I think you could be thinking of Guns for San Sebestian (although it had a number of different titles around the world). It starred Antony Quinn as the cowboy on the run and Charles Bronson as the rebel/gang leader/crook who with his gang tormented/tortured Quinn.
According to his autobiography, going into the film Quinn had great hopes for the Itallian-made film, but he lost some of his excitement as the filming went on and problems arose. I am told by friends in Germany that internationally it is considered one of the great westerns ranking up there with the Ox Bow Incident and The Magnificient Seven (personally, I can’t see it).
Thank you so much TV time! I won’t bother you with the details but my visiting relatives will find my Q and your A in their email Inbox when they leave here (any minute) and get home to Wilbraham MA.

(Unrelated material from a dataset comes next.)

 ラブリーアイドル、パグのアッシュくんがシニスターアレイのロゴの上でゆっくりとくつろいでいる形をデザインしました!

I won’t have to brag about this website. It’ll be self evident.
(semi-hijack)
Not what you’re looking for, but if you’re interested in this particular theme, the Chinese story By the Water’s Edge (more famously known, perhaps, as Suikoden) has a couple of characters hide out from the law by passing as clergy. Hilarity then ensues.

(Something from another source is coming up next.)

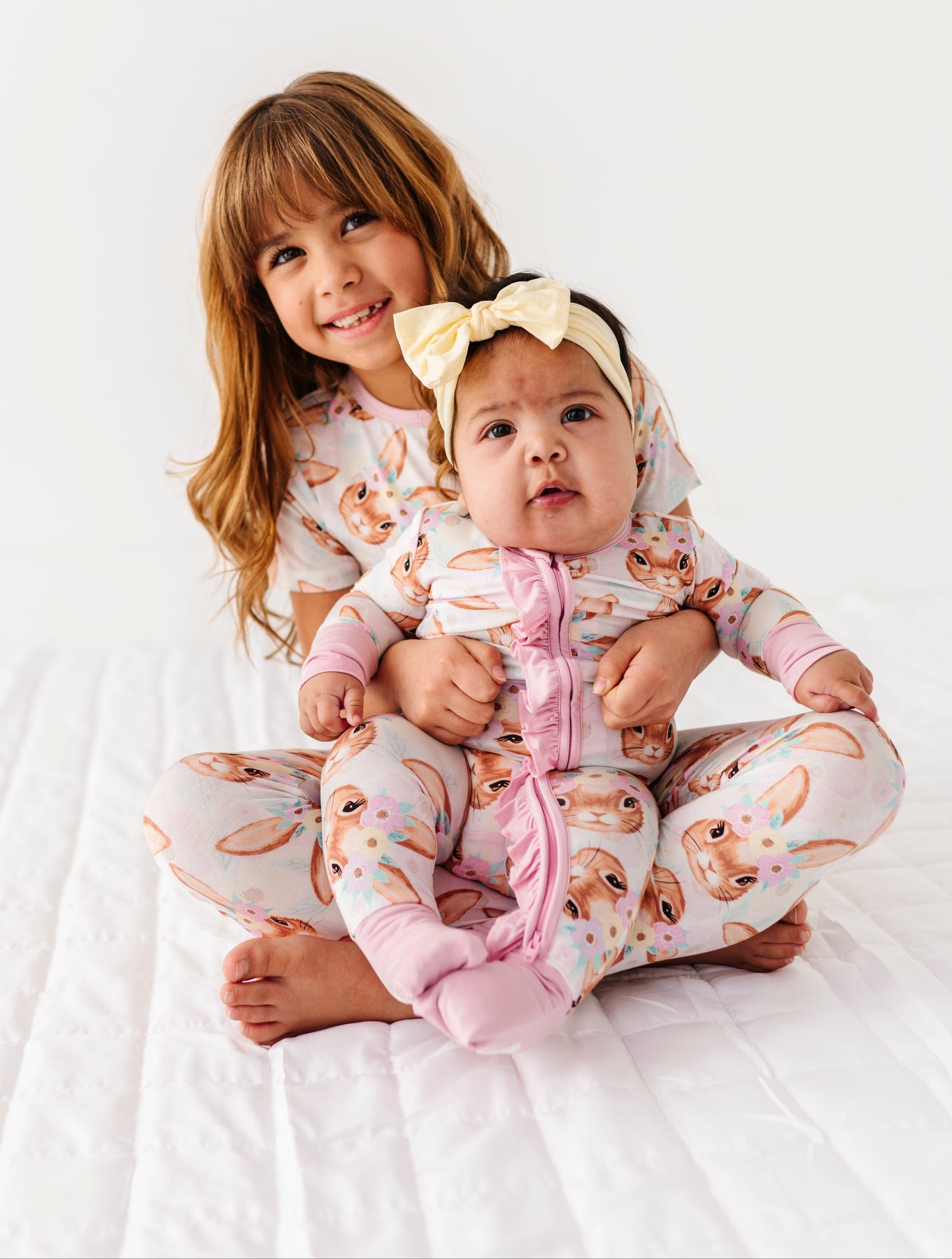 Two children in matching Easter pajamas sitting on a white blanket.

I’m also amused that the Google ads are offering lawerly service for those abused by priests…
That sounds more like The Ballad Of Cat Ballou: it’s the modus operandi for rescuing fellow-scoundrels of the outlaw whom Jane Fonda inexplicably falls for. However, he’s disguised as a Revivalist preacher, not a Catholic priest.
Actually, I suppose the 1989 We’re No Angels staring Robert De Niro, Sean Penn and Demi Moore could qualify if it weren’t for the cowboy part (although country-western singer Hoyt Axton was in the film).
De Niro and Penn were escaped convicts who pretend to be priests in Canada to evade the law.
Almost nothing like the Bogart, Ray, Ustinov 1955 We’re No Angels - a delightful film.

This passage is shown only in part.